I can't find it in current RFCs but traditional use of '+' to encode ' ' is still very widespread, esp. in querystrings.  And unfortunately libmicrohttpd does the "+" -> " " transform practically unconditionally.

So I suspect we have no choice but to %HEX urlencode all RFC3986-"reserved" (or not "unreserved") characters.  I'd use %20 for space too.
Comment 4 Mark Wielaard 2021-08-25 12:33:11 UTC
commit 9ab0c139eebf4ba40ac721224a673e4b66d29cd9
Author: Noah Sanci <nsanci@redhat.com>
Date:   Fri Jul 16 15:16:20 2021 -0400

    debuginfod: PR28034 - client-side %-escape url characters
    
    When requesting some source files, some URL-inconvenient chars
    sometimes pop up.  Example from f33 libstdc++:
    /buildid/44d8485cb75512c2ca5c8f70afbd475cae30af4f/source/usr/src/debug/
    gcc-10.3.1-1.fc33.x86_64/obj-x86_64-redhat-linux/x86_64-redhat-linux/
    libstdc++-v3/src/c++11/../../../../../libstdc++-v3/src/c++11/
    condition_variable.cc
    As this URL is passed into debuginfod's handler_cb, it appears that the
    + signs are helpfully unescaped to spaces by libmicrohttpd, which
    'course breaks everything.
    In order to ensure the server properly parses urls such as this one,
    %-escape characters on the client side so that the correct url
    is preserved and properly processed on the server side.
    
    https://sourceware.org/bugzilla/show_bug.cgi?id=28034
    
    Signed-off-by: Noah Sanci <nsanci@redhat.com>
Comment 5 Frank Ch.

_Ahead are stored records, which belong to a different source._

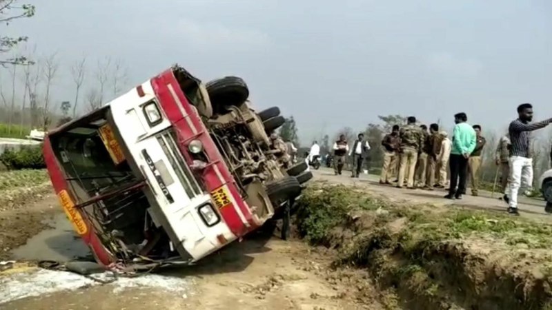 दुर्घटना मंगलवार दाेपहर काे हुई। प्रत्यक्षदर्शियों के अनुसार बस के आगे दाे बाइक चल रही थी। इनमें से आगे वाली बाइक पीछे वाली बाइक काे रस्सी से खींच रही थी। अचानक पीछे वाली बाइक का चालक अपना संतुलन खाे बैठा और गिर गया। इसी बाइक सवार काे बचाने के चक्कर में बस चालक ने जब बस काे सड़क से नीचे उतारने की काेशिश की ताे वह पलट गई।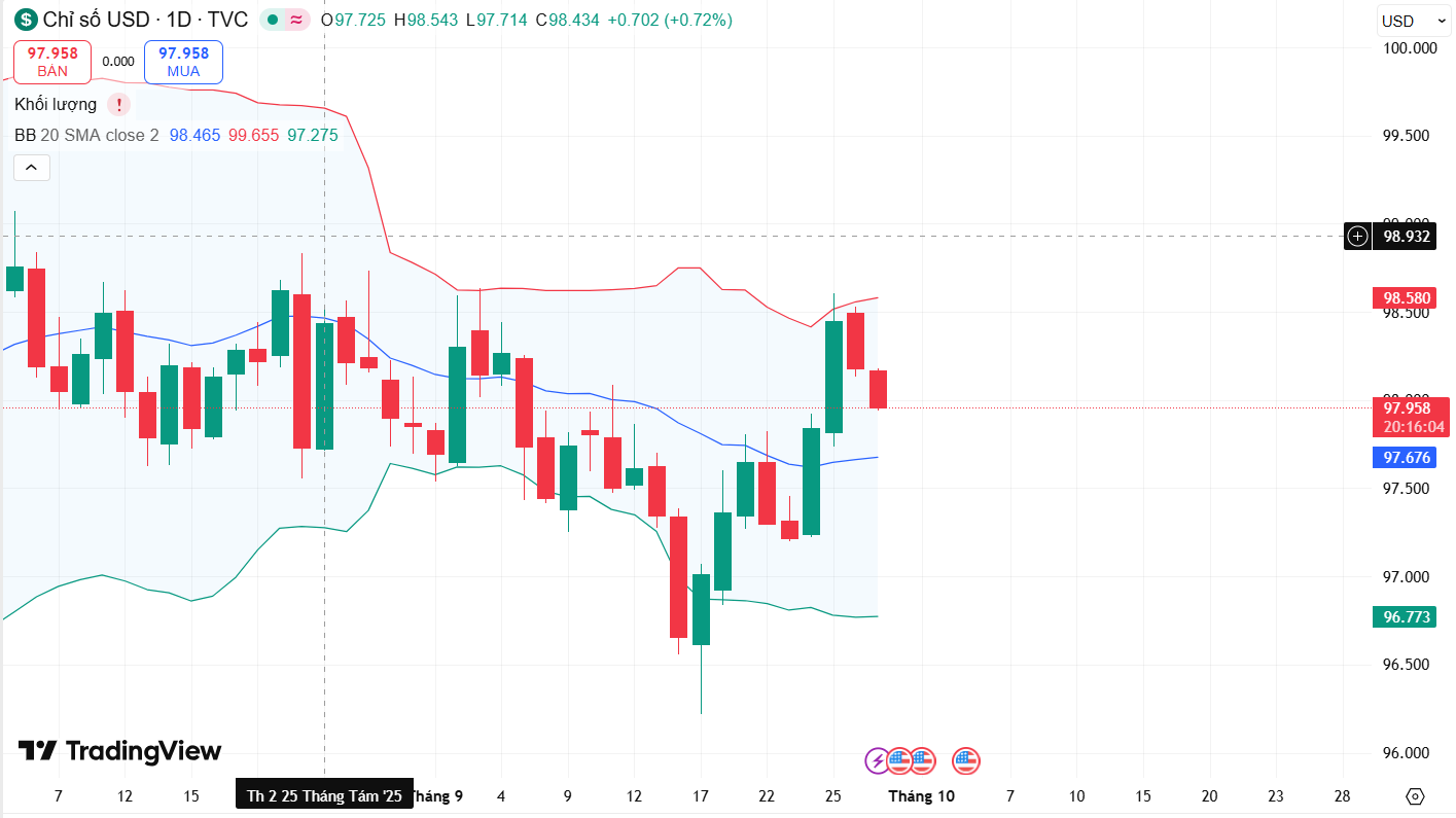 Trong tuần 22–26/9/2025, chỉ số DXY ghi nhận diễn biến hai chiều: đầu tuần suy yếu rồi bật tăng mạnh trước khi hạ nhiệt vào cuối tuần. Ngày 22–23/9, DXY giảm xuống quanh 97,3 khi các phát biểu của Fed mang tính thận trọng, nhấn mạnh rủi ro lạm phát kéo dài và thị trường lao động yếu, khiến kỳ vọng cắt giảm lãi suất duy trì. Đồng USD suy yếu đã hỗ trợ vàng leo lên vùng đỉnh gần 3.790 USD/oz nhờ lực mua trú ẩn. Tuy nhiên, từ giữa tuần, dữ liệu kinh tế Mỹ bất ngờ tích cực – GDP quý II tăng 3,8%, đơn hàng nhà máy cải thiện, đơn xin trợ cấp thất nghiệp giảm – làm giảm khả năng Fed hạ lãi suất nhanh chóng, kéo DXY tăng vọt lên quanh 98,5, mức cao nhất 3 tuần. Địa chính trị (thuế quan mới từ chính quyền Trump) cũng góp phần củng cố USD. Đến ngày 26/9, DXY bất ngờ hạ xuống 98,18, qua đó hỗ trợ vàng phục hồi về mức 3.760 USD/oz, giúp kim loại quý khép tuần với mức tăng khoảng 2% so với tuần trước. Nhìn chung, tuần qua cho thấy mối quan hệ ngược chiều rõ rệt: khi DXY suy yếu, vàng tăng mạnh; ngược lại, USD phục hồi thì vàng chịu áp lực điều chỉnh.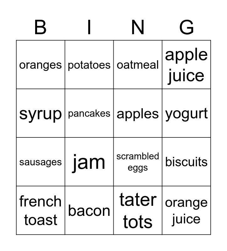 This bingo card has 21 words: bacon, cereal, potatoes, toast, tater tots, apples, oranges, oatmeal, scrambled eggs, yogurt, sausages, apple juice, orange juice, cranberry juice, pancakes, waffles, french toast, jam, syrup, biscuits and milk.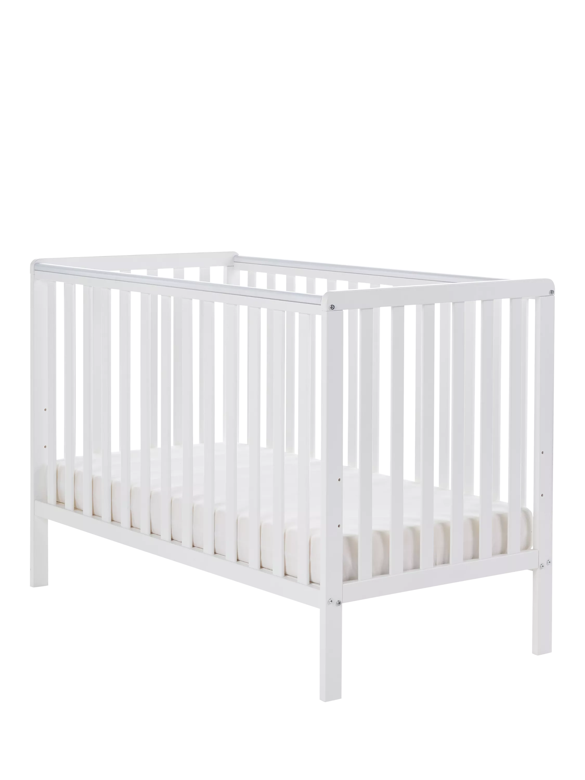 The Obaby Bantam cot features protective teething rails assuring you that your little one’s first teeth are protected, a fully open slatted design meaning you can keep an eye on your baby at all times and a three-position adjustable mattress base. The highest setting lessens the pressure and strain on your back, and the lower settings ensure optimum security from birth to toddler age.

Eigler 2021-08-25 12:34:41 UTC
We should probably tweak this to avoid %-escaping the '/' characters, which default apache httpd mod_proxy configurations treat as sus.

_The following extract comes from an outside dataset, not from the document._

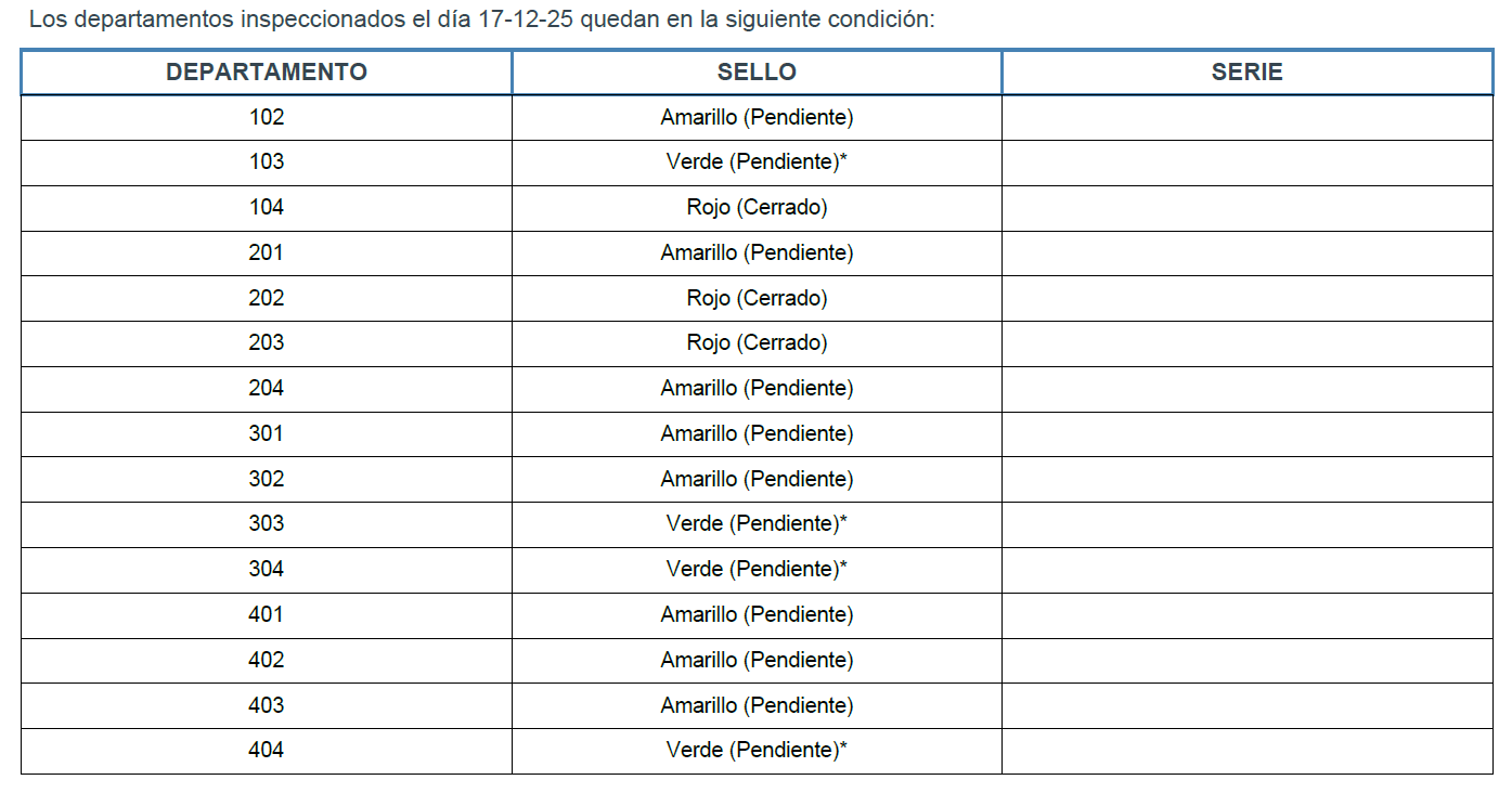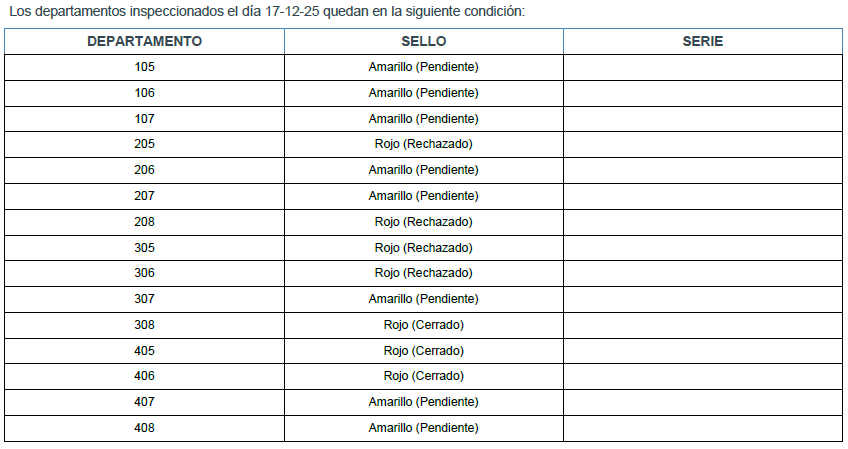 - Torre B (departamentos terminados en 5, 6, 7 y 8):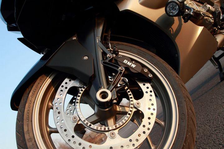 如果说动力单元和电子单元已经这么恐怖了,那么再加上电控可调避震单元这台机车已经可以称做怪兽了。因为它是全世界第一款带有电子悬挂调节的摩托车。减震的硬度分为“运动、舒适、正常”三个档,运动模式时减震偏硬使前后轮更加灵活,可控性强。舒适模式下则减震偏软,为驾驶者提供最大化的舒适度,并且还能保持出色的稳定性,而正常挡则是中和的两者的优点。除了三种减震模式以外,K1600GTL还拥有三种驾驶模式(动力输出模式),雨天、公路和动态,驾驶者可以按下右手开关总成的按钮选择适合的驾驶状态。

Comment 6 Mark Wielaard 2021-08-25 12:43:38 UTC
(In reply to Frank Ch. Eigler from comment #5)
> We should probably tweak this to avoid %-escaping the '/' characters, which
> default apache httpd mod_proxy configurations treat as sus.

Ah, OK, yes. Reopened for now to get that fixed.
Comment 7 Noah Sanci 2021-09-27 18:54:19 UTC
debuginfod: PR28034 - No longer escape '/', and loop efficiency
    
Previously, urls containing '/', so most urls, would escape '/' to %2F,
which is undesirable for use in other libraries which may escape
differently. This patch escapes the '/' and replaces all of them
ensuring there are no %2Fs sent.
Some inefficiencies within the code were fixed, such as changing constant
operations of a while loop within a for loop to a while loop outside of
a for loop. Also strlen is no longer used within the loop, simplifying
the interior operations to mere arithmetic.